WHAT YOU ARE ASKED TO DO
Would you reproduce the whole listing exactly, dropping any pictures it holds?

SUPPLIED MATERIAL
==*==
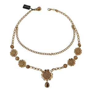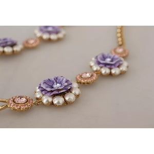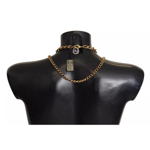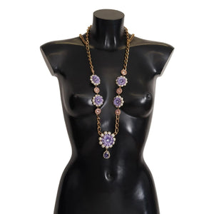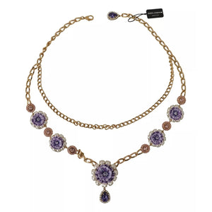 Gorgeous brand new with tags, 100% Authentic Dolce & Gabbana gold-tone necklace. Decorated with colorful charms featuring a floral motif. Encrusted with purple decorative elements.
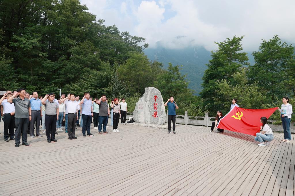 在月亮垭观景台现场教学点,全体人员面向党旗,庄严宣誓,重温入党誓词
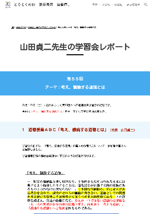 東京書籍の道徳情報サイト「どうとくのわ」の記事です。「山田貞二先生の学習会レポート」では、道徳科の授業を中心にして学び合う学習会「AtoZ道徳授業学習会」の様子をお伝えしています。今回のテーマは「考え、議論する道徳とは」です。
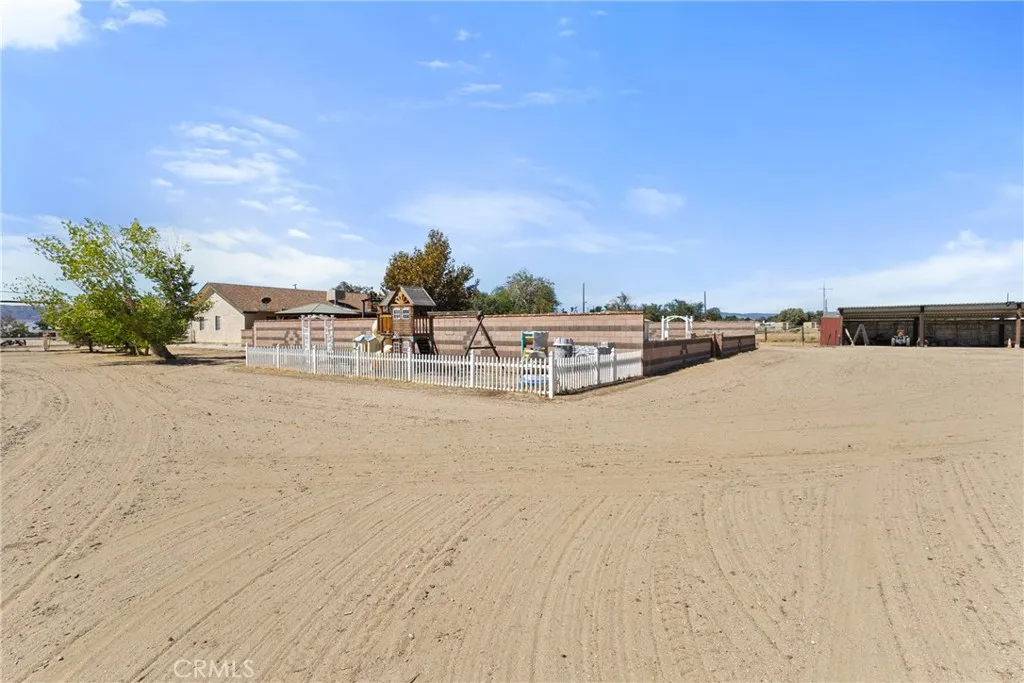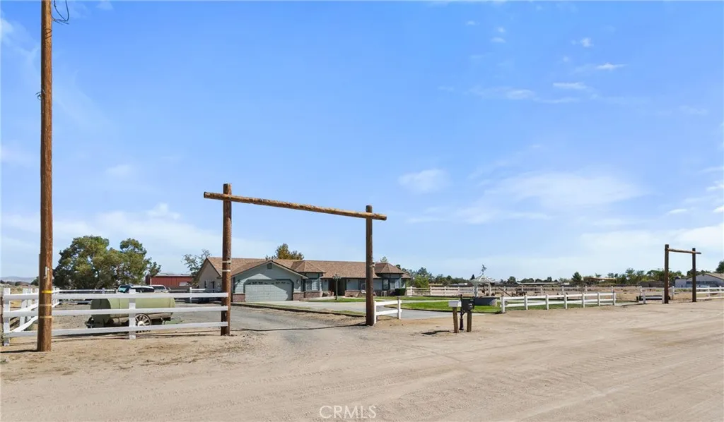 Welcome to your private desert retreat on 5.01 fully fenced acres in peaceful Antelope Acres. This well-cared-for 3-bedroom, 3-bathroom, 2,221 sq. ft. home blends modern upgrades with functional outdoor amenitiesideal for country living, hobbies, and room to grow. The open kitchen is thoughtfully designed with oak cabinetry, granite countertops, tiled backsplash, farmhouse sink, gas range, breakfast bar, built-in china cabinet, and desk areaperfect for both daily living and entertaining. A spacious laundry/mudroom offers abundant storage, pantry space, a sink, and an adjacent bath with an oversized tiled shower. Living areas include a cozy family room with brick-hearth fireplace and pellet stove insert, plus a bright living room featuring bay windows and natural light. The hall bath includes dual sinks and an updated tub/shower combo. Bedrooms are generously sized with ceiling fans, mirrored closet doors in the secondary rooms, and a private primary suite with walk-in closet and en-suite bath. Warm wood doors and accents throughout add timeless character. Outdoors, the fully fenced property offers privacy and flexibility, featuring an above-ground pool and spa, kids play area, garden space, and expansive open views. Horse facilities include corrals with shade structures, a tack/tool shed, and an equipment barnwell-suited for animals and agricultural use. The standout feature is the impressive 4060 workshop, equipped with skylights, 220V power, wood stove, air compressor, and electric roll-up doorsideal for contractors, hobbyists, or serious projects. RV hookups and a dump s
==*==
TASK RESPONSE
 Gorgeous brand new with tags, 100% Authentic Dolce & Gabbana gold-tone necklace. Decorated with colorful charms featuring a floral motif. Encrusted with purple decorative elements.
 在月亮垭观景台现场教学点,全体人员面向党旗,庄严宣誓,重温入党誓词
 東京書籍の道徳情報サイト「どうとくのわ」の記事です。「山田貞二先生の学習会レポート」では、道徳科の授業を中心にして学び合う学習会「AtoZ道徳授業学習会」の様子をお伝えしています。今回のテーマは「考え、議論する道徳とは」です。
 Welcome to your private desert retreat on 5.01 fully fenced acres in peaceful Antelope Acres. This well-cared-for 3-bedroom, 3-bathroom, 2,221 sq. ft. home blends modern upgrades with functional outdoor amenitiesideal for country living, hobbies, and room to grow. The open kitchen is thoughtfully designed with oak cabinetry, granite countertops, tiled backsplash, farmhouse sink, gas range, breakfast bar, built-in china cabinet, and desk areaperfect for both daily living and entertaining. A spacious laundry/mudroom offers abundant storage, pantry space, a sink, and an adjacent bath with an oversized tiled shower. Living areas include a cozy family room with brick-hearth fireplace and pellet stove insert, plus a bright living room featuring bay windows and natural light. The hall bath includes dual sinks and an updated tub/shower combo. Bedrooms are generously sized with ceiling fans, mirrored closet doors in the secondary rooms, and a private primary suite with walk-in closet and en-suite bath. Warm wood doors and accents throughout add timeless character. Outdoors, the fully fenced property offers privacy and flexibility, featuring an above-ground pool and spa, kids play area, garden space, and expansive open views. Horse facilities include corrals with shade structures, a tack/tool shed, and an equipment barnwell-suited for animals and agricultural use. The standout feature is the impressive 4060 workshop, equipped with skylights, 220V power, wood stove, air compressor, and electric roll-up doorsideal for contractors, hobbyists, or serious projects. RV hookups and a dump s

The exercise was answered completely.